November 3, 2016

The Sangre Por Salud Biobank: Bringing Precision Medicine Research to an Underrepresented Latino Community

By Sharon Rosen

mss_0000960033The Sangre Por Salud (Spanish for Blood for Health) Biobank was created to expand precision medicine research to underrepresented Latino patients in order to enhance the diversity of the Mayo Clinic Biobank. The biobank enables researchers to examine biological samples and data collected from Latino patients in order to develop better prevention, diagnostic tools and treatments for health issues specific to this group.

“Latinos are disproportionately impacted by several chronic health conditions, including obesity and type 2 diabetes, so developing a better understanding of these health disparities can lead to more effective treatment and prevention programs for everyone,” says Gabriel Shaibi, Ph.D., associate professor, Southlands Border Scholar, and director, Center for Health Promotion and Disease Prevention at Arizona State University.

Created in 2013, the Sangre Por Salud Biobank is a collaboration between Mayo Clinic Center for Individualized Medicine, Mountain Park Health Center in Phoenix, and Arizona State University. Mountain Park Health Center, a designated Federally Qualified Health Center (FQHC), provides comprehensive health care services to underserved populations, including minority, immigrant and homeless patients.

This collaborative effort serves as a model for how precision medicine research can be extended to a broader community.

Dr. Eleanna De Filippis

Dr. Eleanna De Filippis

“The Sangre Por Salud Biobank is the perfect example of how different institutions can integrate their missions and visions to benefit both patient care and advance our knowledge of health and disease,” says Eleanna De Filippis, M.D., Ph.D., assistant professor of Medicine at Mayo Clinic’s Arizona campus and principal investigator for Sangre Por Salud. “Unlike many traditional research efforts, the research projects conceived within the Sangre Por Salud Biobank are designed to directly empower the physicians at Mountain Park Health Center with the scientific knowledge acquired during our collaborations, and ultimately enable them to improve care for their patients.”

Davinder Singh, M.D., medical director for Mountain Park Health Center, sees this collaboration as an important step towards improving health care for minority populations.

"Sangre Por Salud enables us to bring precision medicine research efforts directly to the underserved populations who seek care at Mountain Park Health Care Center - a group of patients whose unique health issues are often underrepresented in medical research,” says Dr.

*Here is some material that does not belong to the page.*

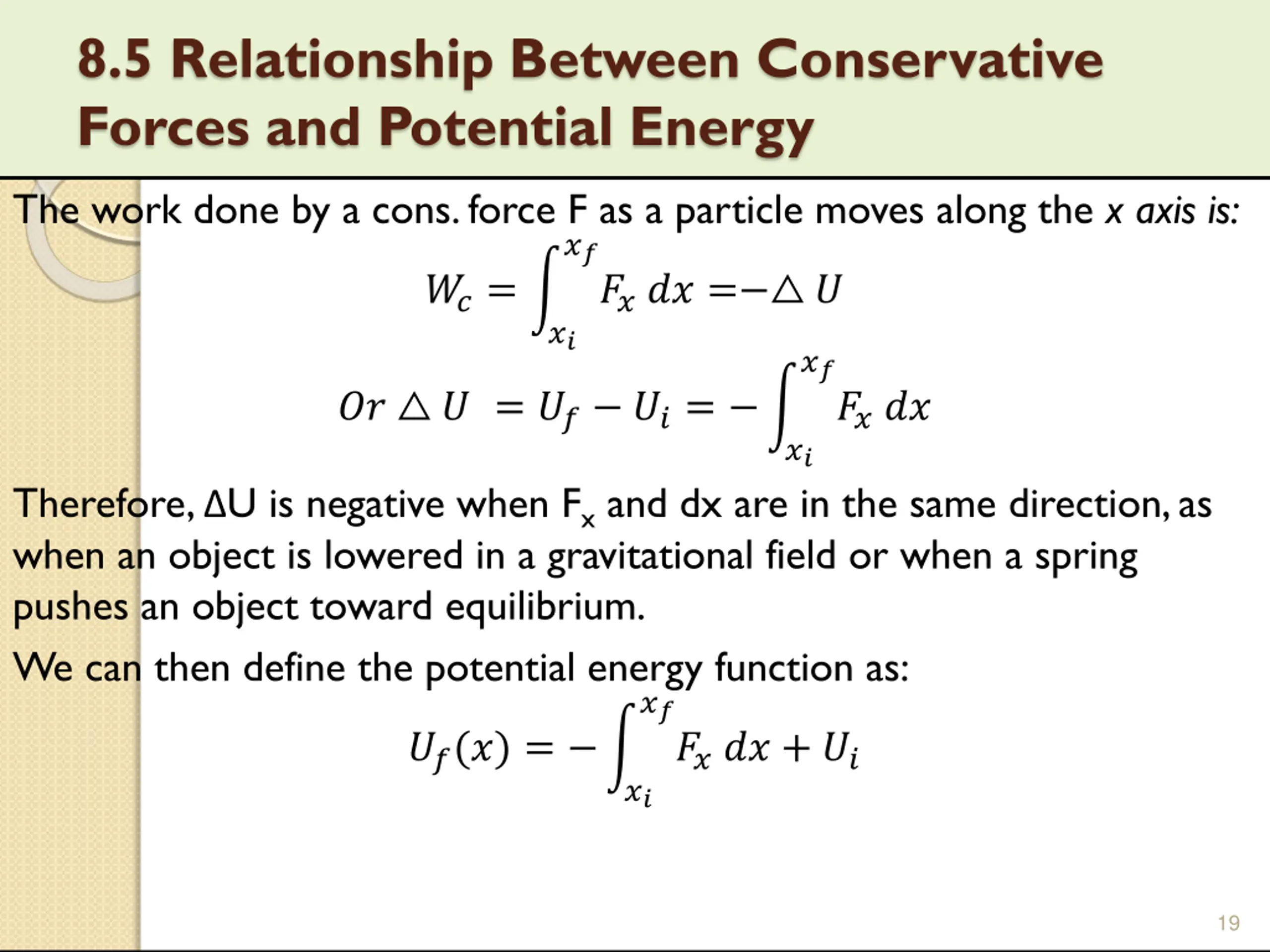 8.5 Relationship Between Conservative Forces and Potential Energy The work done by a cons. force F as a particle moves along the x axis is: ?? ?? ?? = ? ??= ?? ?? ?? ? = ?? ??= ?? ?? ?? Therefore, U is negative when Fx and dx are in the same direction, as when an object is lowered in a gravitational field or when a spring pushes an object toward equilibrium. We can then define the potential energy function as: ?? ??(?) = ?? ?? + ?? ?? 19

Singh. “This effort may help us find better diagnostic tools and treatments based on these patients’ biological and genetic characteristics."

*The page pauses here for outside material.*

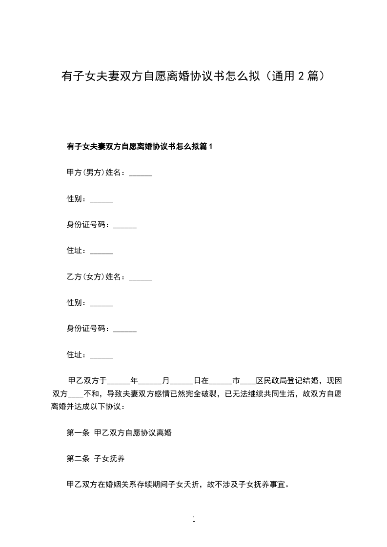 有子女夫妻双方自愿离婚协议书怎么拟篇2

Dr. Shaibi is the lead author of a recently published paper in Public Health Genomics that outlines the framework used to create the biobank.

Dr. Gabriel Shaibi

Dr. Gabriel Shaibi

As Dr. Shaibi explains, “The findings present the initial framework for extending Mayo Clinic Biobank resources and infrastructure to a FQHC serving low-income and minority patients. We anticipate that this framework will be applied to support similar collaborative biobanks between academic medical centers and community clinics. Indeed, the new National Institutes of Health Precision Medicine Initiative (PMI) identifies FQHCs as critical links for bringing underserved individuals, families and communities into the PMI Cohort, especially those historically underrepresented in biomedical research.”

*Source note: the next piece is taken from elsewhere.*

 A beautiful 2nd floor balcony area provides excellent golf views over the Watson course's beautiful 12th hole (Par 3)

While the biobank supports all types of research studies, initial research efforts focus on conditions such as obesity and diabetes, all areas of special concern for the Latino population served by Mountain Park. In addition, samples have been used to better understand the genetic origins of Alzheimer’s disease in Latinos as well as to support projects that apply genomic medicine to improved patient care.

How will biobanks like Sangre Por Salud further impact patient care? Dr. Shaibi highlights these key findings:

  • For precision medicine to work for all patients, research must address not only genomic differences between patients but also include how ethnicity, race, socioeconomic status and health literacy impact health and disease.
  • Integrating biobanks into diverse practice settings will further improve patient care, because they address diseases that are more common in certain ethnic groups.
  • Patients and providers should anticipate that precision medicine initiatives, such as biobanking, may soon be integrated into many healthcare settings during routine visits.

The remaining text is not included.